Here, U denotes upsampling, which is performed using bi-cubic interpolation to enhance clarity and enlarge the image. Through this process, a Laplacian pyramid can be generated, where each level is represented by a pair of vertically and horizontally differentiated images. By blending the differential images with the original image, the image can be smoothed.

The post-smoothed image reduces singular values but also exhibits a certain degree of quality degradation. Therefore, image sharpening is required. Unsharp masking (USM) is a commonly used image enhancement algorithm that sharpens the image by computing the difference between the original image and its Gaussian blur, thus improving image clarity. The mathematical formula for this algorithm is

USM (x, y) = (1 + k) \cdot f (x, y) - k \cdot (f (x, y) * g (x, y))

(9)

Here, USM

(x, y)

represents the enhanced pixel value of the image,

f (x, y)

represents the pixel value of the original image,

g (x, y)

represents the pixel value of the Gaussian blurred original image, and k represents the enhancement coefficient. The specific

g (x, y)

can be expressed as follows:

g (x, y) = \frac{1}{K} \sum_{i = - \frac{N}{2}}^{\frac{N}{2}} \sum_{j = - \frac{N}{2}}^{\frac{N}{2}} w_{i, j} \cdot f (x + i, y + j)

(10)

where N represents the size of the Gaussian blur, K represents the weight parameter,

w_{i, j}

represents the weight value of the Gaussian filter, calculated using the following formula:

w_{i, j} = \frac{1}{2 π σ^{2}} exp (- \frac{i^{2} + j^{2}}{2 σ^{2}})

(11)

Here,

σ

is the standard deviation of the Gaussian filter.

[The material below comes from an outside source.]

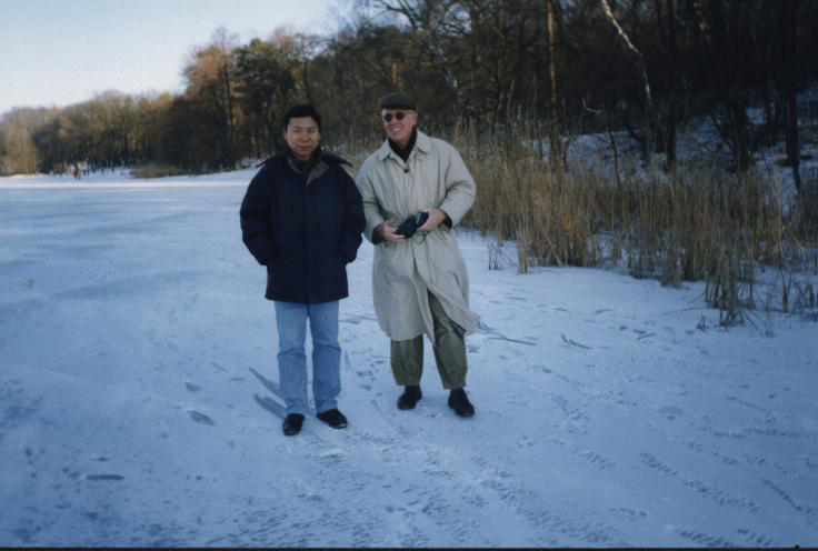 2001年冬与德国导师U.Michel教授漫步柏林Wannsee湖边

3.3. SE-Block and Attention

The SENet [24], which secured the championship in the 2017 ImageNet competition, is a significant model in computer vision. It is formally known as the Squeeze-and-Excitation Congestion Network, and its notable contribution lies in the incorporation of a channel attention extraction module referred to as the Se-Block. This module possesses the flexibility to be seamlessly integrated into various network architectures (showed in Figure 4).

The Se-Block comprises two integral components: first, the squeezing module, responsible for condensing the initial 3D input data into a one-dimensional vector. This operation is primarily achieved through global average pooling, facilitating the extraction of global characteristics from each channel. Second, the excitation module employs a fully connected layer to transform the output of the squeezing module into a predictive weighting sequence. This sequence is then applied as weights to all channels, effectively emphasizing crucial channel features while downplaying less significant ones.

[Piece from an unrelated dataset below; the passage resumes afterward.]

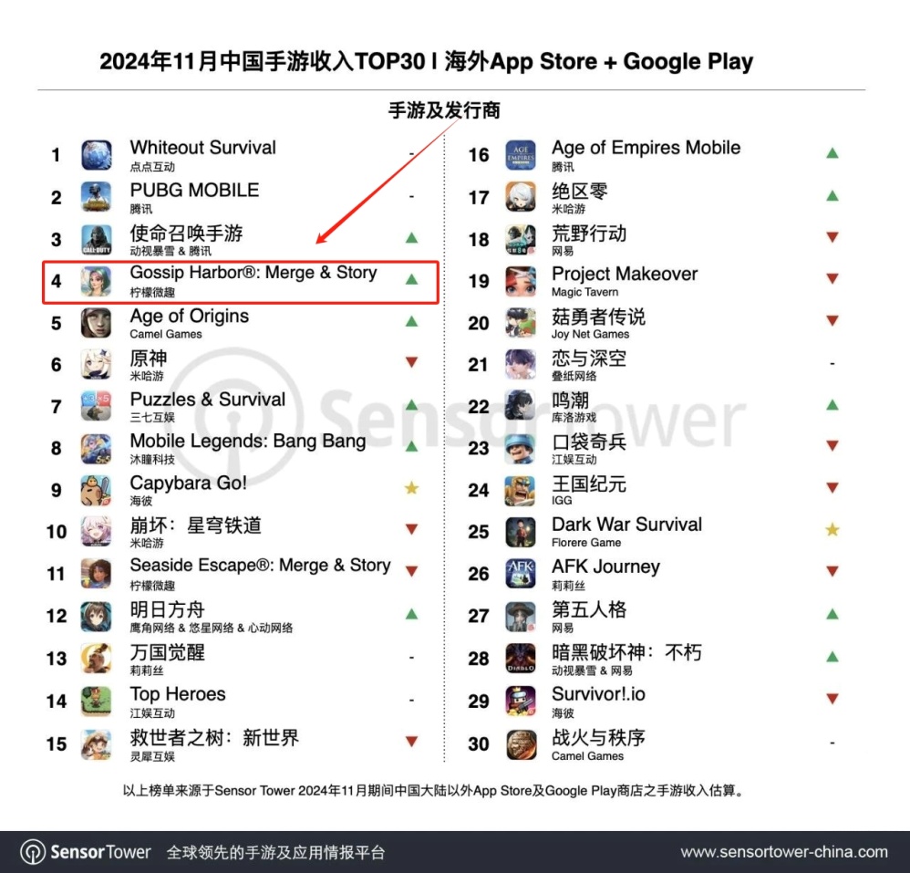 这两天,Sensor Tower 公布了 2024 年 11 月中国手游海外收入 Top 30,其中最值得注意的是柠檬微趣旗下 Merge-2 手游「Gossip Harbor」排名首次超过「原神」,上升至畅销榜 Top 4,刷新历史最高排名。「Gossip Harbor」的当月流水也超过了 Moon Active 旗下的「Travel Town」,成为全球月流水最高的合成类游戏。

3.4. Autonomous Label Generation Model

A semantic segmentation neural network model was meticulously crafted and trained, utilizing authentic data as the foundational source for automated label generation.

The architectural configuration of our model is elucidated in Figure 5, comprised of both an encoder and a decoder, each comprising four layers akin to the U-Net architecture. The data undergoes an initial denoising step before entering the encoder, where feature extraction is performed. This is accomplished through the deployment of four parallel feature extraction modules, with each module dedicated to processing one of the RGB channels from the original input image.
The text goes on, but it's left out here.